'''

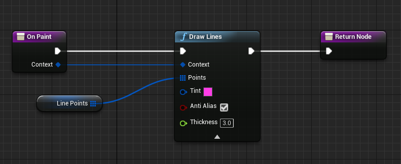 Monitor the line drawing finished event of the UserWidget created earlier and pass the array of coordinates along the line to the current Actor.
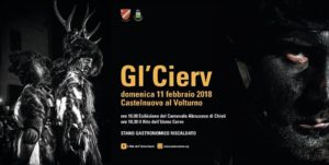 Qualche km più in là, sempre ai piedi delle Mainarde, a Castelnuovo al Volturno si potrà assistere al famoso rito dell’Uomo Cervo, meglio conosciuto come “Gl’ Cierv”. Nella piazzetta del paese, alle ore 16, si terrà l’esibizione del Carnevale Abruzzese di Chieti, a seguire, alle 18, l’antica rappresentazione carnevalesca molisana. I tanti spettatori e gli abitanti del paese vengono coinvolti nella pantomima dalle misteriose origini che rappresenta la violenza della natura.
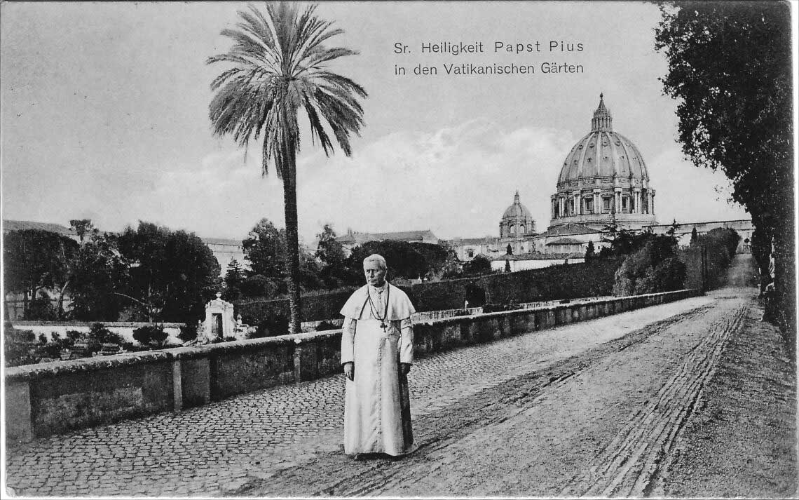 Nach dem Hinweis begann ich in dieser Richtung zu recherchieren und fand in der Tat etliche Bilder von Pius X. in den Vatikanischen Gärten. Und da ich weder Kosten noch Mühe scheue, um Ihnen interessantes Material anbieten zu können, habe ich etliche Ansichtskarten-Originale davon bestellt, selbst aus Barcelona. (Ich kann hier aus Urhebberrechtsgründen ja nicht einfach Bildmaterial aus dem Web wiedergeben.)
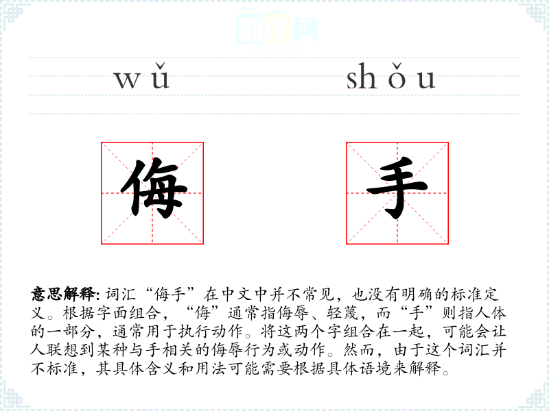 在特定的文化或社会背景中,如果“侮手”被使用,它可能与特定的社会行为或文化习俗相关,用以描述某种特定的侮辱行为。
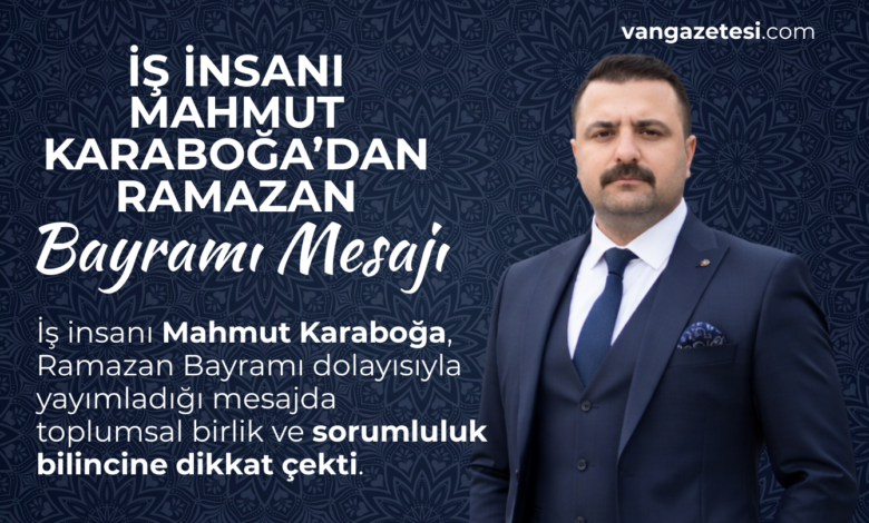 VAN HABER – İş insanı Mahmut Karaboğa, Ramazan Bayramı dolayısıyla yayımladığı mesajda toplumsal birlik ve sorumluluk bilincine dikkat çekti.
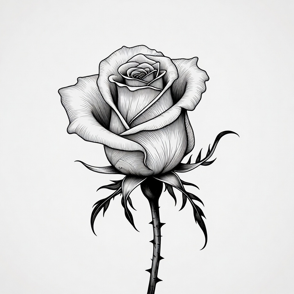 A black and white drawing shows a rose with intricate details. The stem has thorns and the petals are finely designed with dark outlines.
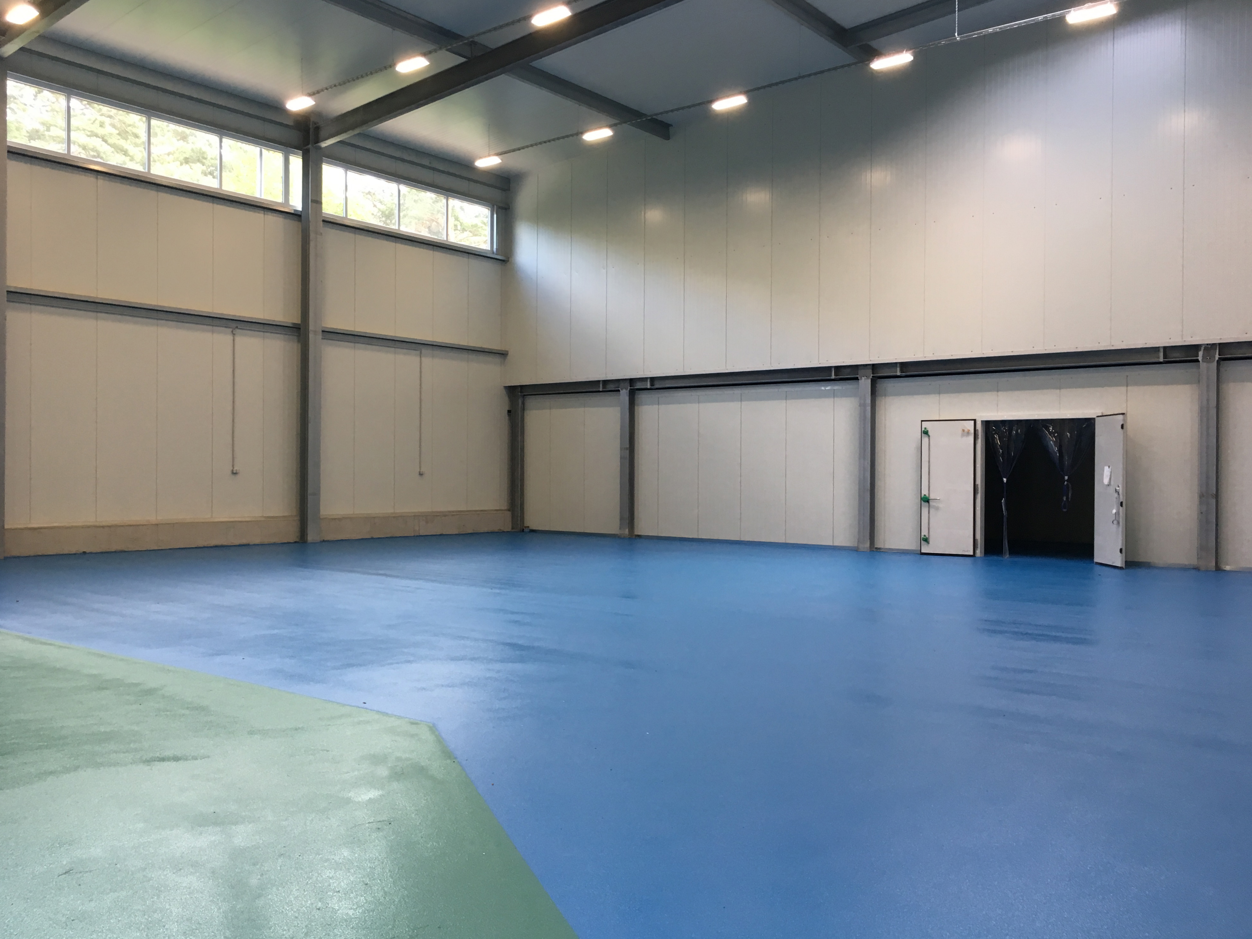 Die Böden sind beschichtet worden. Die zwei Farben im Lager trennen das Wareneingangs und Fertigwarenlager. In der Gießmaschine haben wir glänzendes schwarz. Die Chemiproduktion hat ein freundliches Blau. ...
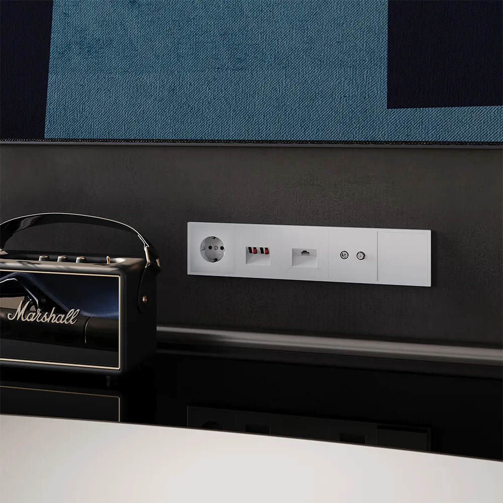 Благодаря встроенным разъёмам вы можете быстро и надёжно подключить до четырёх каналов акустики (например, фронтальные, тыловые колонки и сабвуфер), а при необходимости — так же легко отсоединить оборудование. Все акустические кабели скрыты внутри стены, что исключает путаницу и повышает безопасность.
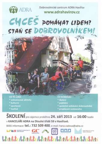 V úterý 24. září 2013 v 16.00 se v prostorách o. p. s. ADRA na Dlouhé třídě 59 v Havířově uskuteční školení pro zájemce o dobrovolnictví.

'''

• [Task goal]
In the listing above, find the line containing "VAN HABER –" and the line containing "Die Böden sind", then output those two lines and everything between them exactly as written, without the images.

• [Expected answer]
 VAN HABER – İş insanı Mahmut Karaboğa, Ramazan Bayramı dolayısıyla yayımladığı mesajda toplumsal birlik ve sorumluluk bilincine dikkat çekti.
 A black and white drawing shows a rose with intricate details. The stem has thorns and the petals are finely designed with dark outlines.
 Die Böden sind beschichtet worden. Die zwei Farben im Lager trennen das Wareneingangs und Fertigwarenlager. In der Gießmaschine haben wir glänzendes schwarz. Die Chemiproduktion hat ein freundliches Blau. ...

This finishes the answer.